**Problem to solve**
Go to the line with "Aqua Teal Green Orange Art Nouveau Wallpaper" in the records below, then output it and each following line exactly, up to and including the line with "ZC-0429 SET DE". Skip pictures and add nothing.

**Available records**
• • • •

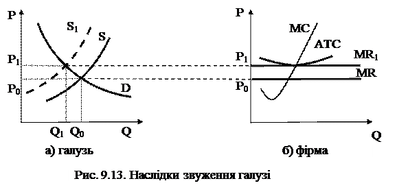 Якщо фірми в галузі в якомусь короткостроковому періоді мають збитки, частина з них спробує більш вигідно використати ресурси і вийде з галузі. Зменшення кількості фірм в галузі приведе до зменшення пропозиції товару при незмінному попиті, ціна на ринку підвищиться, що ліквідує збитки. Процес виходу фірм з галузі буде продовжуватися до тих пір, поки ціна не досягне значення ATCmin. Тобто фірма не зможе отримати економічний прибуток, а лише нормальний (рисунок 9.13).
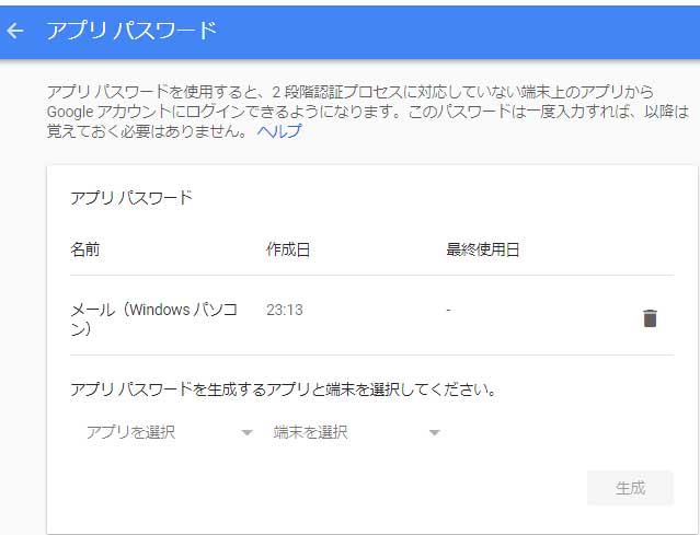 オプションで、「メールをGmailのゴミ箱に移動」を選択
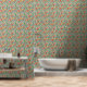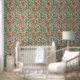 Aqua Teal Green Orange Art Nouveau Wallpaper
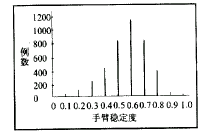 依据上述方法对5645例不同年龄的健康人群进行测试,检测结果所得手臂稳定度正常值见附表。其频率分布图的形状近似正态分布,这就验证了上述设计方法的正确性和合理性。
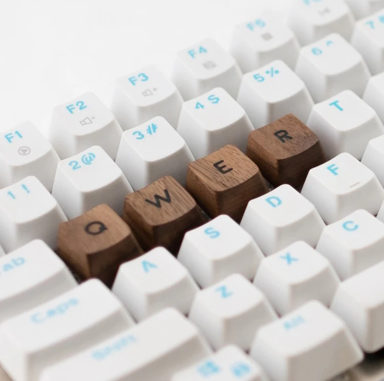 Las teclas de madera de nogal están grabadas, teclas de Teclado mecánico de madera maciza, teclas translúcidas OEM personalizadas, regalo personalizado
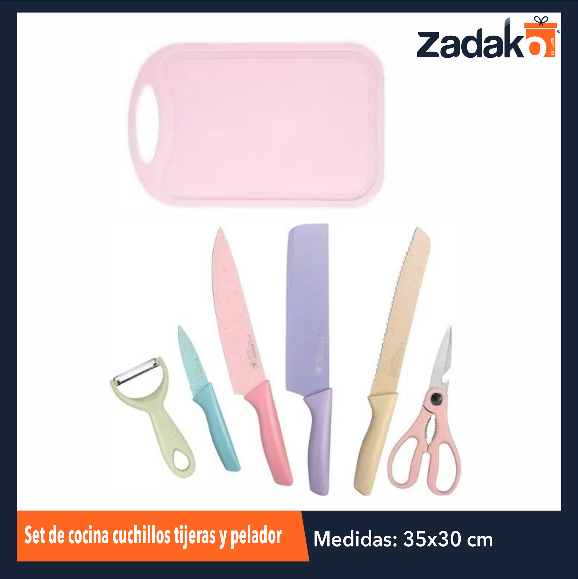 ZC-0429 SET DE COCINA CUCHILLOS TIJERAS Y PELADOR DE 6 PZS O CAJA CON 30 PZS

• • • •

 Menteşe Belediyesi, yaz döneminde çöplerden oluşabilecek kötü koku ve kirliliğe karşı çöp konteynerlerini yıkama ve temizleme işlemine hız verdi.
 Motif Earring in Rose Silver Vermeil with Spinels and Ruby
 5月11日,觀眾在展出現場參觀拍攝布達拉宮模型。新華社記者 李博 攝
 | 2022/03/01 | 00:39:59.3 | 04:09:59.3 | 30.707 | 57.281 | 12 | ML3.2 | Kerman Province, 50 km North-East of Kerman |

• • • •

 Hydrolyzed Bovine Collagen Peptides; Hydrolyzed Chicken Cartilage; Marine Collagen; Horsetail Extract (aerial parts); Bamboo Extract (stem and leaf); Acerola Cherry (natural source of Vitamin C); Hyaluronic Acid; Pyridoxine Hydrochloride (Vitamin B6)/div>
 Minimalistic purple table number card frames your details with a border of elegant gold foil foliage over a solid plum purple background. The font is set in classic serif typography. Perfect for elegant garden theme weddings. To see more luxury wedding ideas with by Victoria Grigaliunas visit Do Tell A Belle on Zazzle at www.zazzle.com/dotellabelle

• • • •

**Solution to this exercise**
 Aqua Teal Green Orange Art Nouveau Wallpaper
 依据上述方法对5645例不同年龄的健康人群进行测试,检测结果所得手臂稳定度正常值见附表。其频率分布图的形状近似正态分布,这就验证了上述设计方法的正确性和合理性。
 Las teclas de madera de nogal están grabadas, teclas de Teclado mecánico de madera maciza, teclas translúcidas OEM personalizadas, regalo personalizado
 ZC-0429 SET DE COCINA CUCHILLOS TIJERAS Y PELADOR DE 6 PZS O CAJA CON 30 PZS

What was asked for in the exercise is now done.